Task details: Copy the material below verbatim from the line with "Showcasing unforgettable texture, this" to the line with "Na wielofunkcyjną ofertę", both lines included, omitting pictures and every line outside that range.

Data shown:
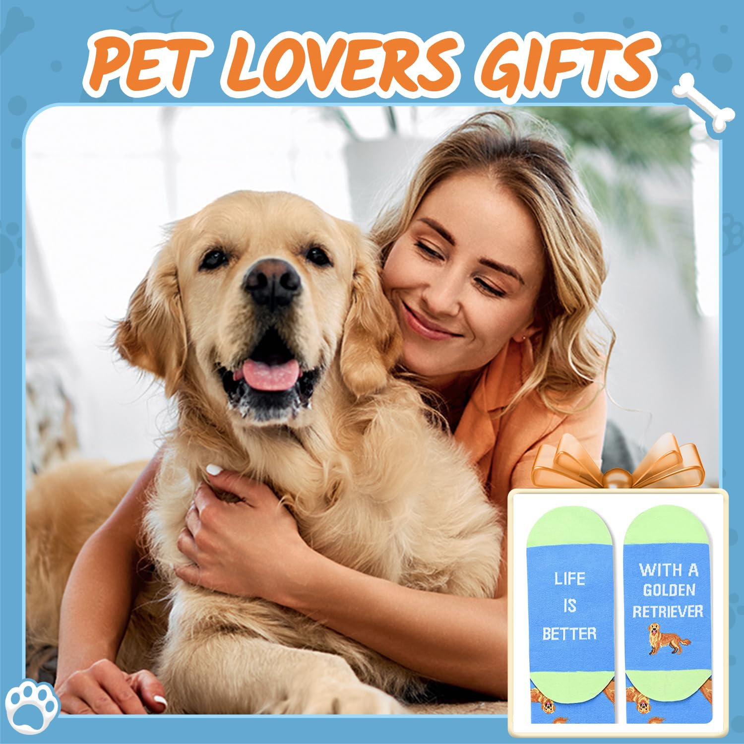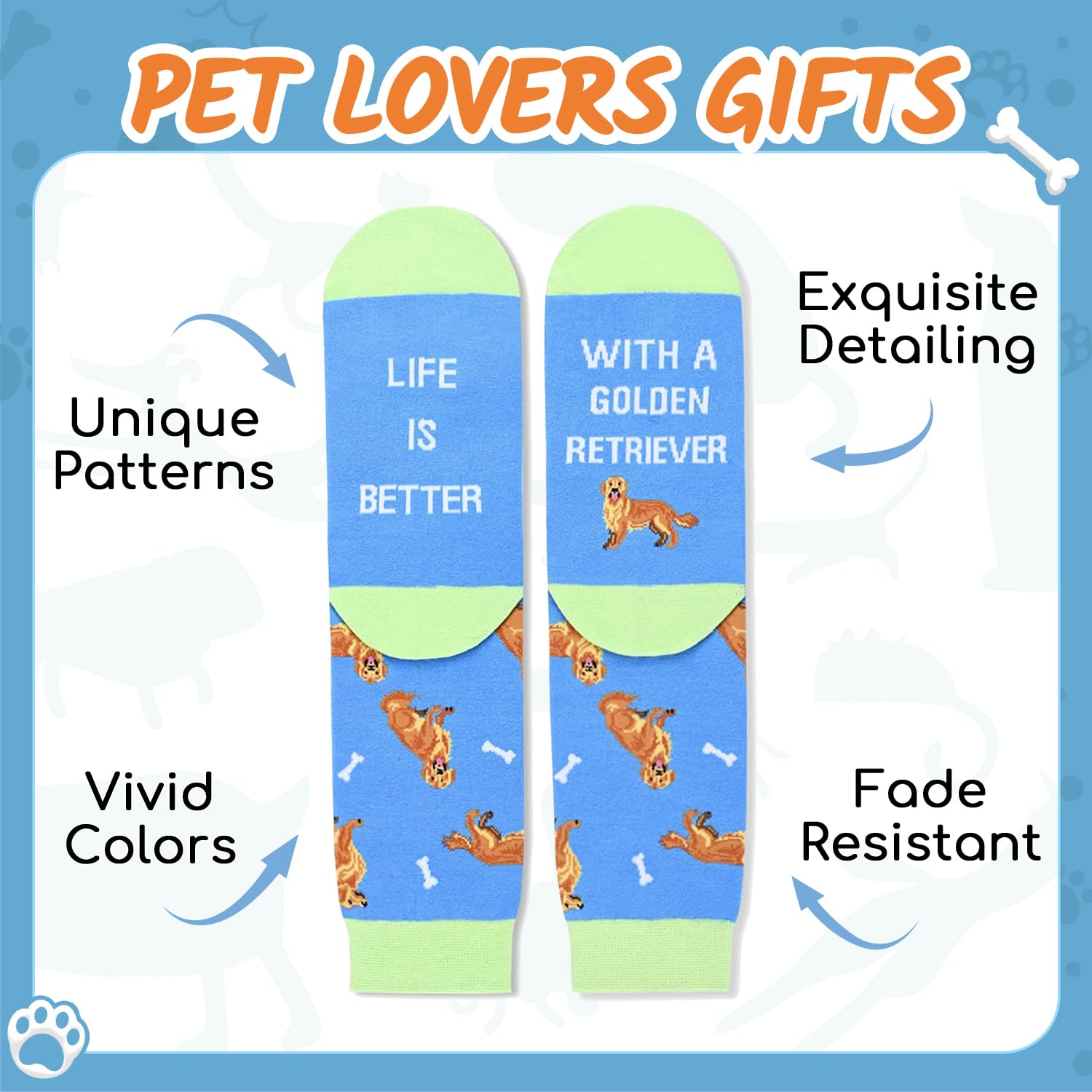 GOLDEN RETRIEVER LOVER SOCKS - Our funny socks are designed for both women and men and feature cute Golden Retrievers and bones in blue, with the funny sayings "LIFE IS BETTER WITH A GOLDEN RETRIEVER".
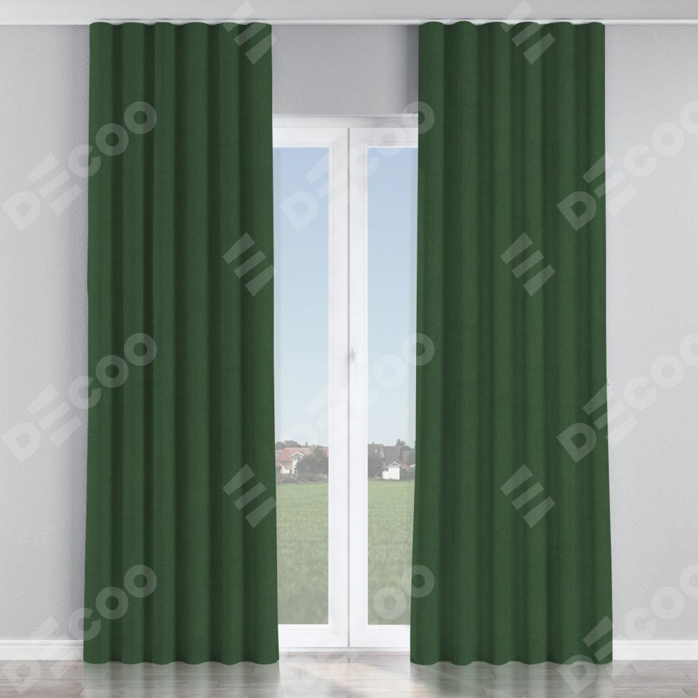 Комплект прямых штор, от производителя «Cortin», пошиты из ткани лён блэкаут зелёный, артикул ткани 69497. С изнаночной стороны в верхней части штор пристрачивается шторная лента с декоративными складками «Волна». Для создания элегантных складок прямые шторы шьются по стандарту с коэффициентом 1:2 (на 100 см. ширины проёма 200 см. ширины ткани).
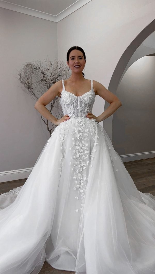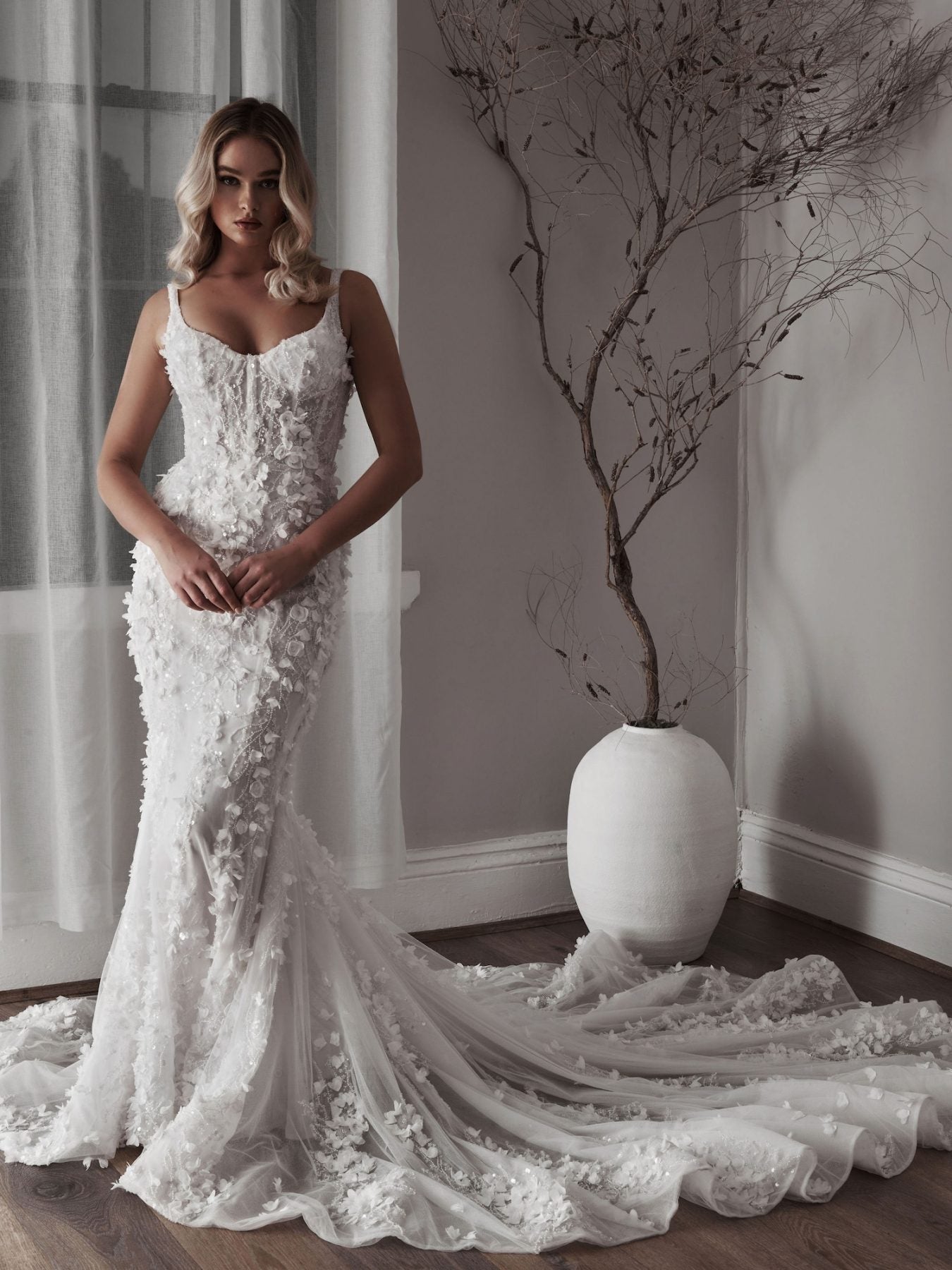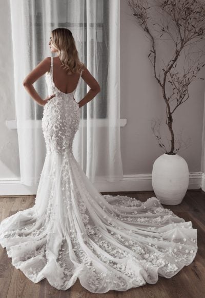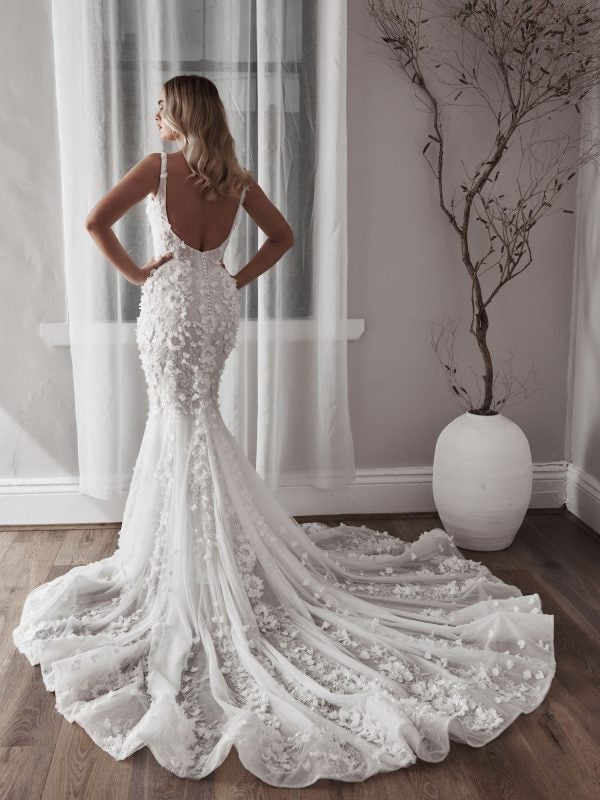 Showcasing unforgettable texture, this figure-hugging gown features thin straps that melt into a subtle sweetheart neckline and breathtakingly open back complete with a row of fabric-covered buttons. The sheer corset bodice sculpts the upper body while exquisite beading and three-dimensional floral appliqués flurry throughout. The equally-embellished, aisle-worthy train completes this grand yet romantic bridal look.
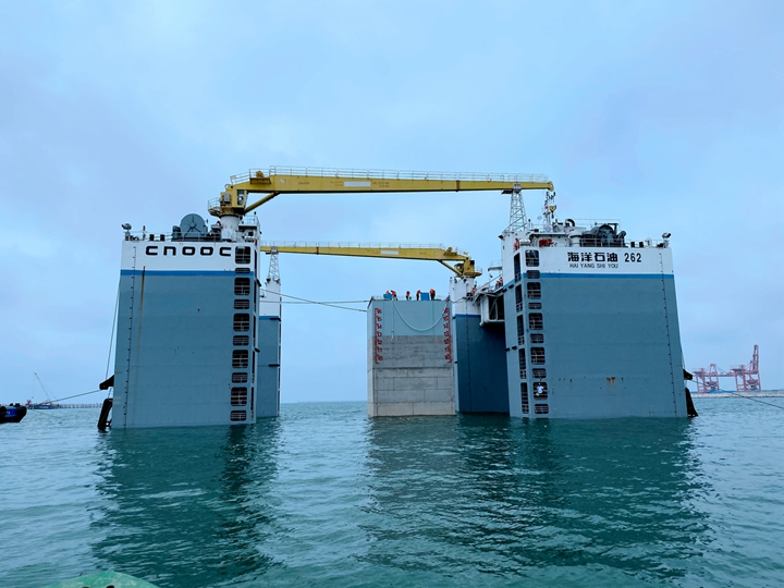 6月1日晚上8時,博賀新港區(qū)項(xiàng)目建設(shè)傳來喜訊——茂名港博賀新港區(qū)東區(qū)化工碼頭項(xiàng)目第一個沉箱順利安裝完成!
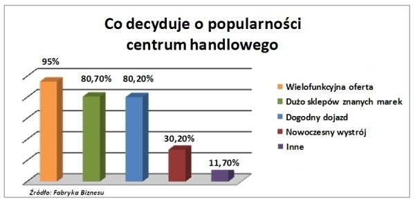 Na wielofunkcyjną ofertę jako czynnik decydujący o popularności centrum handlowego wskazało aż 95 proc. respondentów. Jednocześnie 80,7 proc. badanych za drugie pod względem ważności kryterium uznało dużą liczbę sklepów znanych marek w centrum handlowym, a niemal tyle samo (80,2 proc.) – dogodny dojazd do niego. Zdaniem 30,2 proc. respondentów, duże znaczenie ma nowoczesny wystrój kompleksu, a 11,8 proc. jako istotne wskazało inne czynniki.
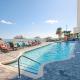 Guests will have a special experience as this apartment provides a pool with a view and a hot tub. Boasting a private entrance, this air-conditioned apartment includes 1 living room, 1 separate bedroom and 2 bathrooms with a bath and a shower. Guests can make meals in the kitchen that has a stovetop, a refrigerator, a dishwasher and kitchenware. The spacious apartment offers a flat-screen TV with satellite channels, a washing machine, a tea and coffee maker, a seating area as well as sea views. The unit is furnished with 4 beds.
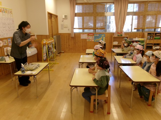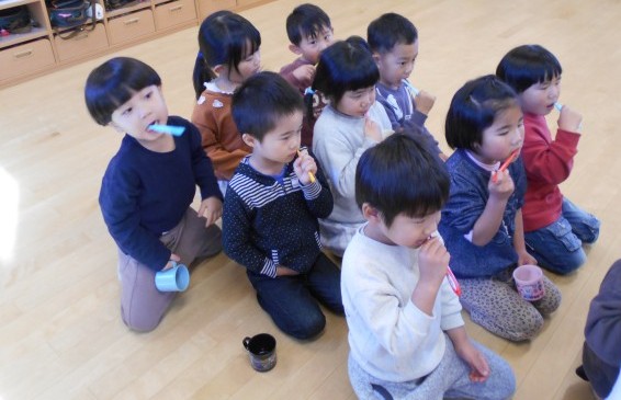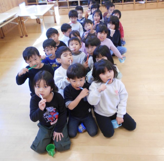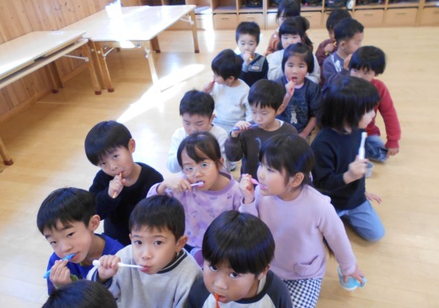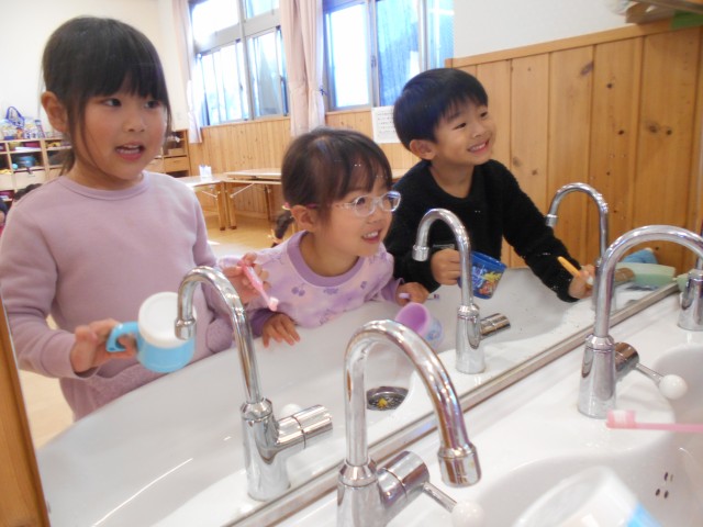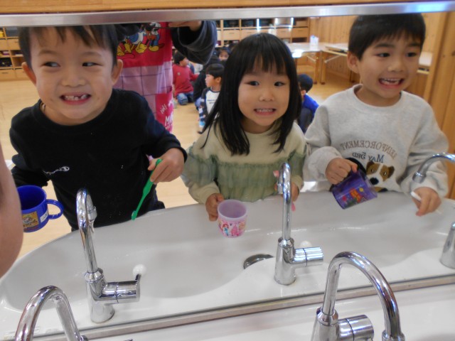 虫歯予防や口の中を清潔に保つ為、食後は歯磨きをしています。磨き終わった後はよくうがいをし、ピカピカになった歯を見て嬉しそうな子どもたちです。
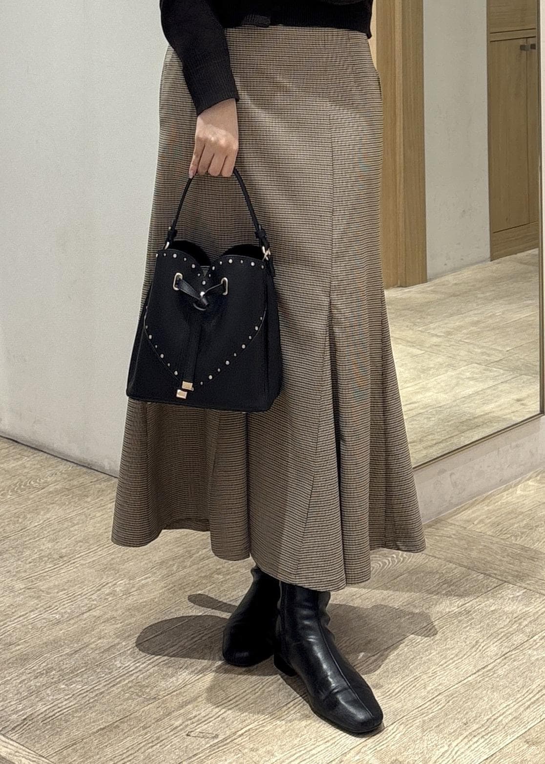 腰回りをすっきり見せ、裾に向かって広がるラインがスタイルアップにつながります。
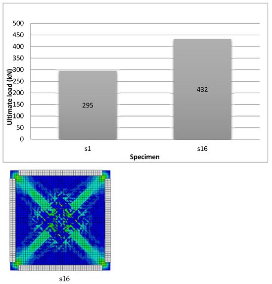 Figure 18 shows the numerical load–deflection relationship for the fifth group of specimens in comparison with the specimen without CFRP. The use of CFRP improved the behavior of the load–deflection relationship. In comparison with the specimen without CFRP (s1), the ultimate load of the specimen (s16) was increased up to 432 kN. The ultimate deflection of specimen S16 was less than that of specimen S1 by 58%. It was also shown that the nonlinear behavior of the specimen with CFRP (s16) started after 160 kN.
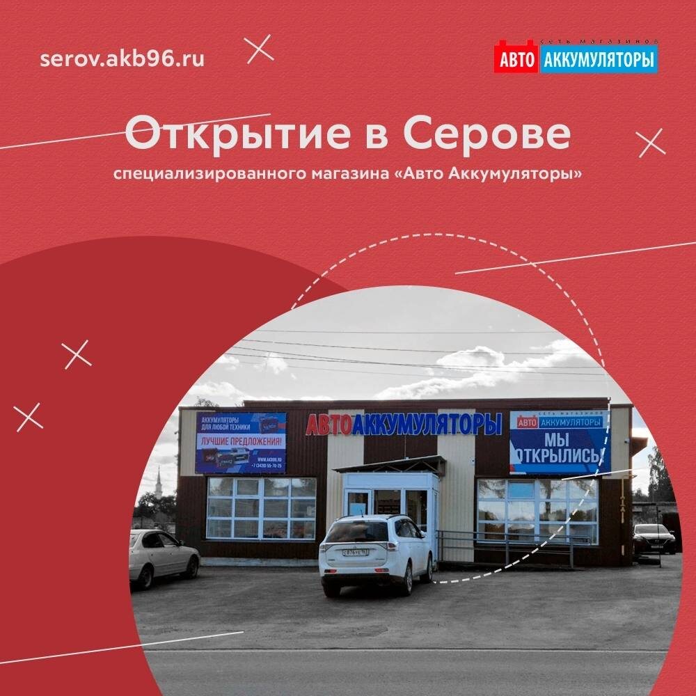 В честь открытия магазина мы даем скидку в 15% на аккумуляторы до 31.08.25. Наш адрес: Серов, ул. Братская, 35. Телефон: +7 (3438) 55-70-25 Сайт: serov.akb96.ru/stores/ В нашем магазине представлен широчайший ассортимент аккумуляторных батарей на любой автомобиль. Огромный опыт работы с 1996 года позволяет подобрать идеальную батарею конкретно под ваш запрос. Также мы предоставляем бесплатные услуги: 1) Диагностика вашего аккумулятора. Наш специалист проверить текущее состояние батареи, определить напряжение под нагрузкой и без нагрузки, внутреннее сопротивление и пусковые характеристики. По итогу - вы получите полезную информацию и мнение специалиста. 2) Установка при покупке у нас. Наш специалист установит аккумуляторную батарею на ваш автомобиль, если установка является простой, а батарея имеет емкость до 79 Ач. Разбор дополнительных элементов (блоков предохранителей, кожухов, воздуховодов) считается частью сложной установки, которая является платной. Но на большинстве автомобилей а
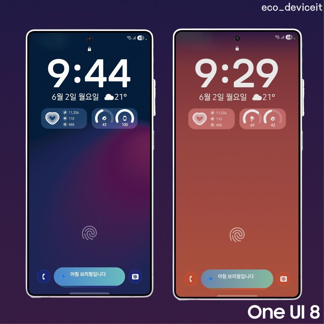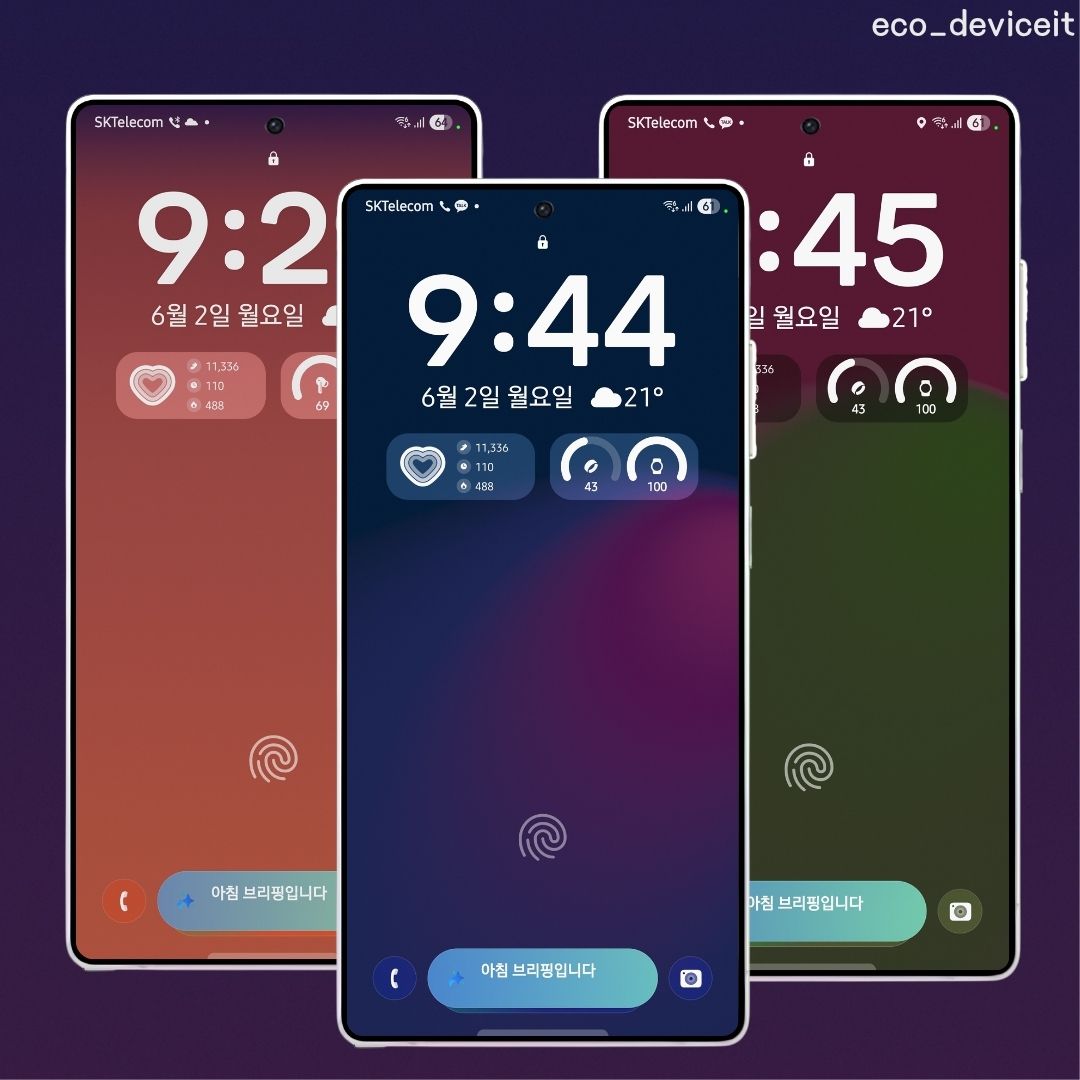 위의 GIF와 같이 시간 대에 따라 색이 감성적으로 변하는 기능이 새롭게 이번 One UI 8.0에서 추가되었습니다. 기본적으로 4가지 스타일의 다이내믹 배경화면을 제공합니다.

Task solution:
 Showcasing unforgettable texture, this figure-hugging gown features thin straps that melt into a subtle sweetheart neckline and breathtakingly open back complete with a row of fabric-covered buttons. The sheer corset bodice sculpts the upper body while exquisite beading and three-dimensional floral appliqués flurry throughout. The equally-embellished, aisle-worthy train completes this grand yet romantic bridal look.
 6月1日晚上8時,博賀新港區(qū)項(xiàng)目建設(shè)傳來喜訊——茂名港博賀新港區(qū)東區(qū)化工碼頭項(xiàng)目第一個沉箱順利安裝完成!
 Na wielofunkcyjną ofertę jako czynnik decydujący o popularności centrum handlowego wskazało aż 95 proc. respondentów. Jednocześnie 80,7 proc. badanych za drugie pod względem ważności kryterium uznało dużą liczbę sklepów znanych marek w centrum handlowym, a niemal tyle samo (80,2 proc.) – dogodny dojazd do niego. Zdaniem 30,2 proc. respondentów, duże znaczenie ma nowoczesny wystrój kompleksu, a 11,8 proc. jako istotne wskazało inne czynniki.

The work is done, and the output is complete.